Lesson 2. Hello World

dtrace -n 'dtrace:::BEGIN { printf("Hello FreeBSD!\n"); }'
  • This prints a welcome message. Run it, then hit Ctrl-C to end.
  • Probes are specified by the four columns seen earlier, colon-separated, and where blank fields are wildcards.
  • dtrace:::BEGIN is a special probe which fires once when dtrace begins. You can use it to set variables and print headers.
  • An action can be associated with probes, in { }. This example calls printf() when the probe fires.

Lesson 3. File Opens

dtrace -n 'syscall::open*:entry { printf("%s %s", execname, copyinstr(arg0)); }'
  • Now we're tracing file opens as they happen, showing the process name and pathname.
  • execname: this is a builtin variable that has the current process's name. Other builtins include pid, tid, ppid.

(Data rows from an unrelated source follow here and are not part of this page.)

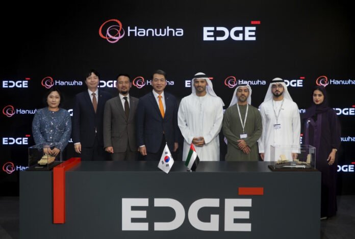 Abu Dhabi, UAE: EDGE, one of the world’s leading advanced technology and defence groups, and Hanwha Aerospace, a leading South Korean company specialising in space, aviation and defence, have signed a Memorandum of Understanding (MoU) to explore strategic defence cooperation across advanced air and missile defence, long-range precision strike, unmanned systems, and defence AI.
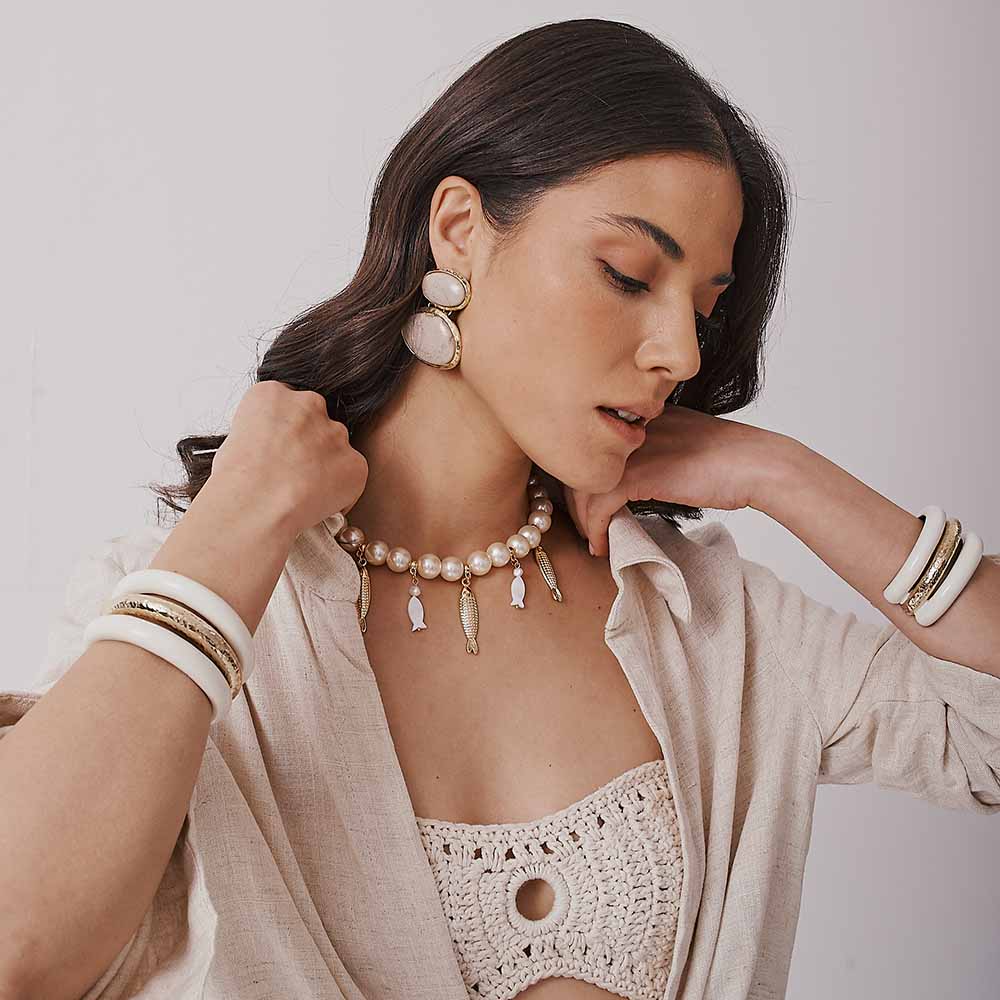 Delicado e cheio de significado, este colar combina a elegância clássica das pérolas com um toque marinho encantador. As pérolas naturais trazem uma sofisticação atemporal, enquanto os pingentes de peixes e elementos dourados remetem à leveza, à fluidez e à conexão com o mar. Uma peça que traduz harmonia entre o luxo e a natureza — perfeita para quem busca um acessório único, cheio de estilo e simbologia.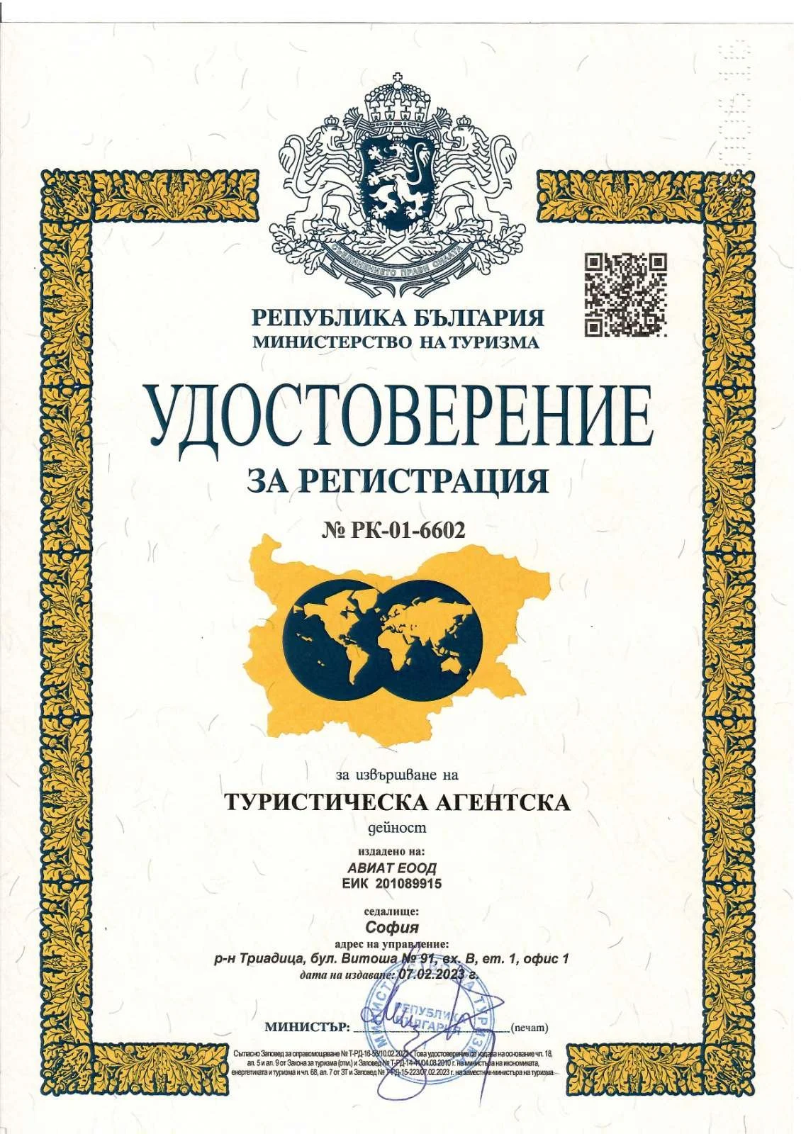 AVIAT Ltd. tourist agency has been carrying out tourist activities with a license from the Ministry of Tourism in Bulgaria since 2014.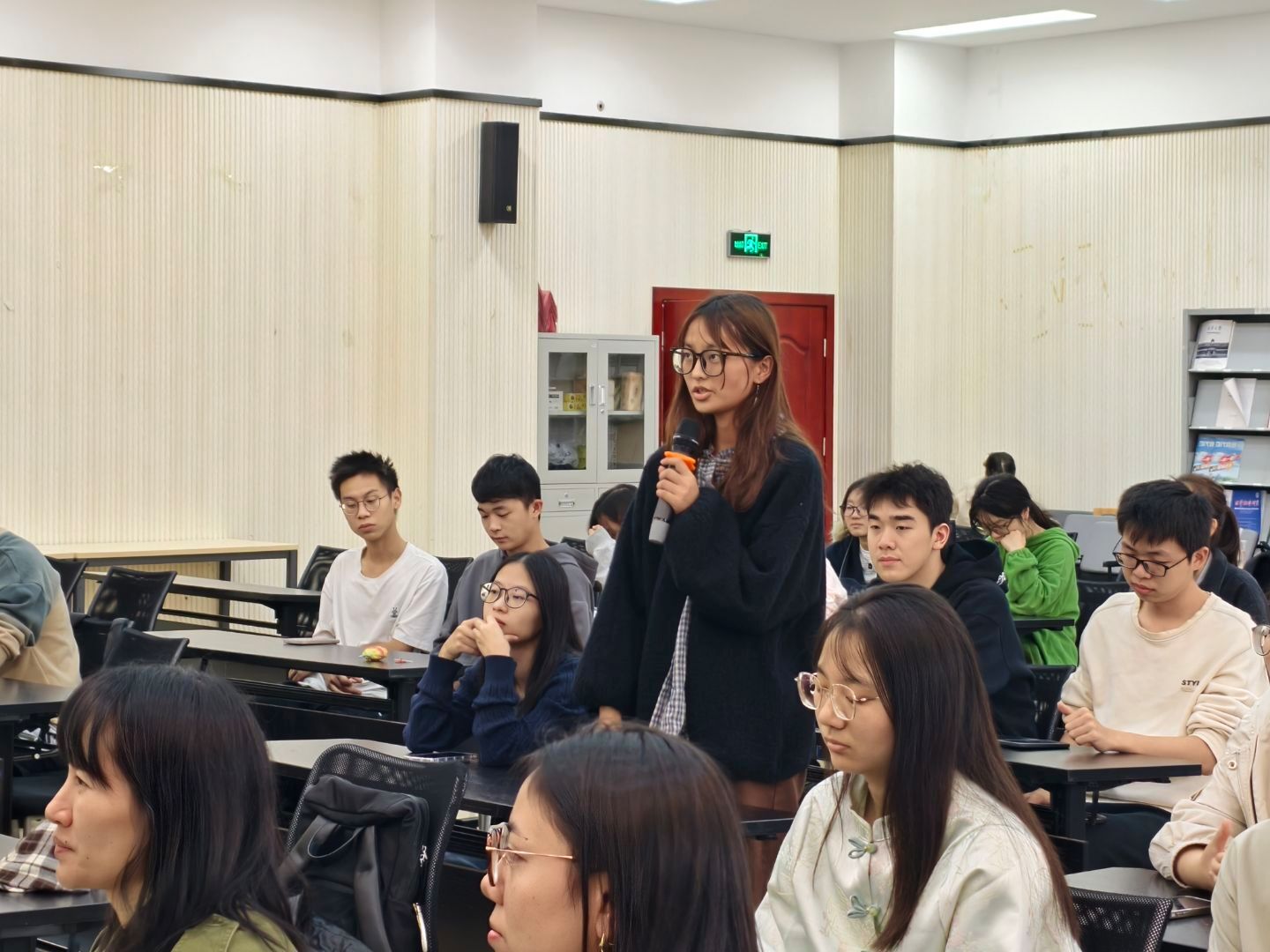 理论学习后,交流互动环节中,同学们结合国庆见闻分享民族团结故事。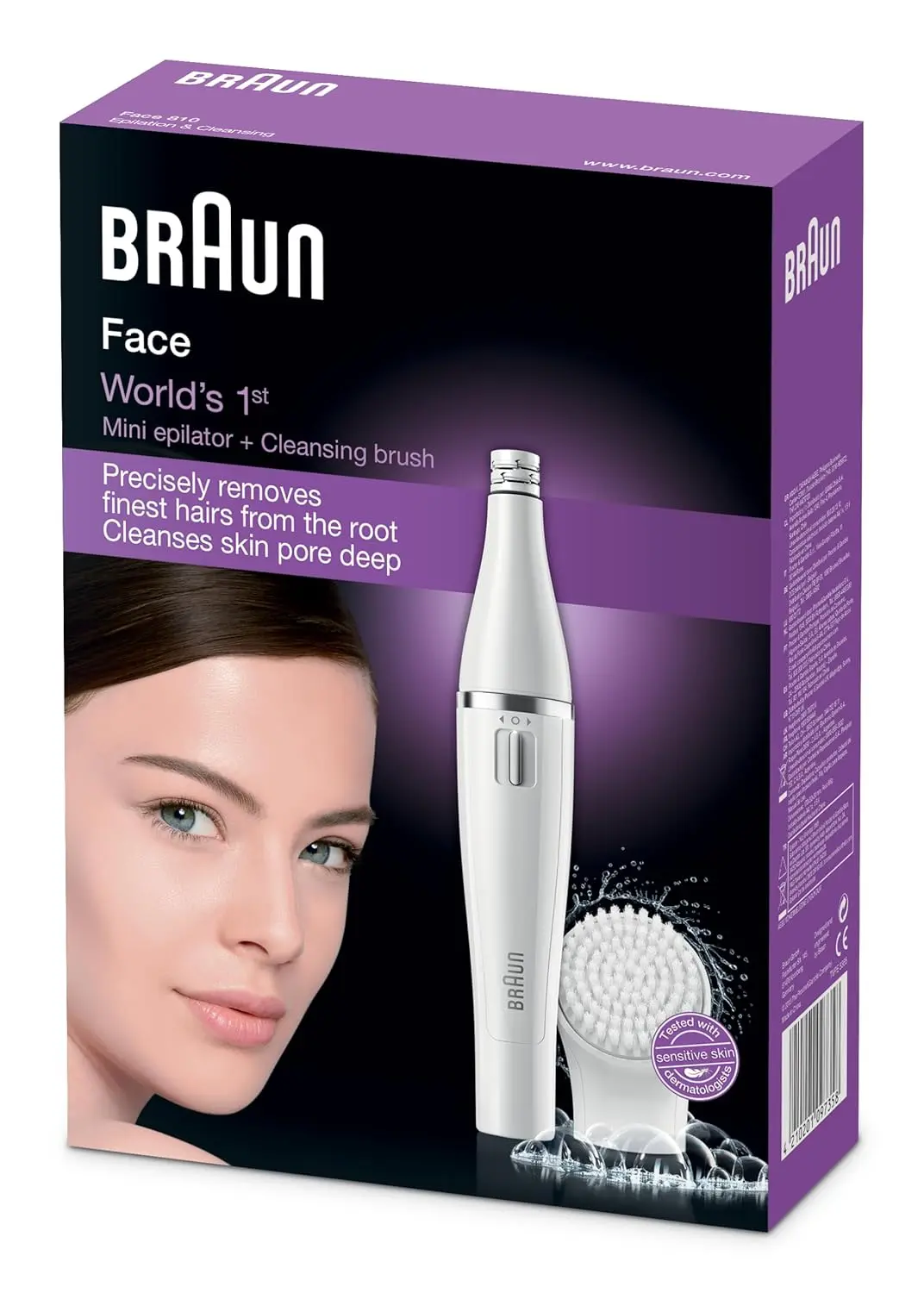 The Braun Facial Epilator & Cleansing Brush is the world’s first 2-in-1 system. The epilator removes hair 4x shorter than wax, while the brush deeply cleanses and exfoliates for radiant skin. An extra AA battery is included.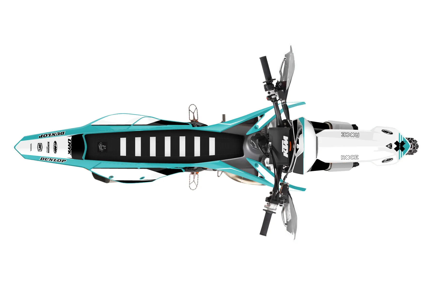«Dynamic» — готовый комплект графики серии Untucked для KTM Offroad Graphic Kit KTM XC 150 2016. В комплекте: графика на бак и боковые облицовки, крылья (переднее и заднее), передний щиток, номерные таблички, защита вилки. Материал: ПВХ-винил 80 мкр с холодной ламинацией 300 мкр, общая толщина 380 мкр; покрытие глянцевое или матовое на выбор. Устойчив к UV-излучению, воде, бензину и мойке высокого давления. Клей акриловый на сольвентной основе — постоянный, для гибких пластиков. На простых поверхностях монтируется без нагрева; для сложных изгибов рекомендуем фен. Этот пресет можно заказать как есть или взять за основу в конструкторе: поменять цвета, добавить стартовый номер и свой бренд. Производство — 3–5 рабочих дней, доставка по России СДЭКом или Почтой, по СНГ — курьерскими службами.
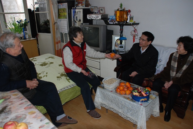 从元月中旬至春节前夕,中心先后看望慰问了77位离退休老领导、老同志,为他们送去了党和中心的关怀和新年的祝福。春节前夕,中心领导分别带领中心相关职能部门的负责同志看望慰问了中心老领导、老专家等。离退休中心的工作人员还赴燕郊、通州、昌平、城区、医院和大院内慰问和看望了其他老同志和困难老职工。慰问过程中,领导们向老同志们介绍了中心2008年各项工作取得的成绩,诚心征求他们对中心工作的意见和建议,关心他们的身体健康和生活上存在的困难,耐心做他们的思想工作。中心的关怀更加增强了老同志们安度晚年幸福生活的信心。

  • arg0: this is the first probe argument, the meaning of which is documented by each provider chapter in the DTrace Guide. For the syscall provider entry probe, the syscall arguments can be traced as arg0, arg1, ..., argN, which are all unsigned int's (uint64_t).

  • The open() syscall arguments are: const char *pathname, int flags, mode_t mode (see the open(2) man page). So, arg0 is the pathname pointer.
  • copyinstr(): this pulls a user-level string into the kernel, where DTrace can read it. Since arg0 is just a number (unsigned int), DTrace needs us to say it's a user-level string.

Lesson 4. Syscall Counts By Process

dtrace -n 'syscall:::entry { @[execname, probefunc] = count(); }'
  • This summarizes syscalls by process name and syscall type, printing a report on Ctrl-C.
  • @: This denotes a special variable type called an aggregation, which provide a powerful and efficient way to summarize data. You can add an optional variable name after the @, eg "@num", either to improve readability, or to differentiate between more than one aggregation.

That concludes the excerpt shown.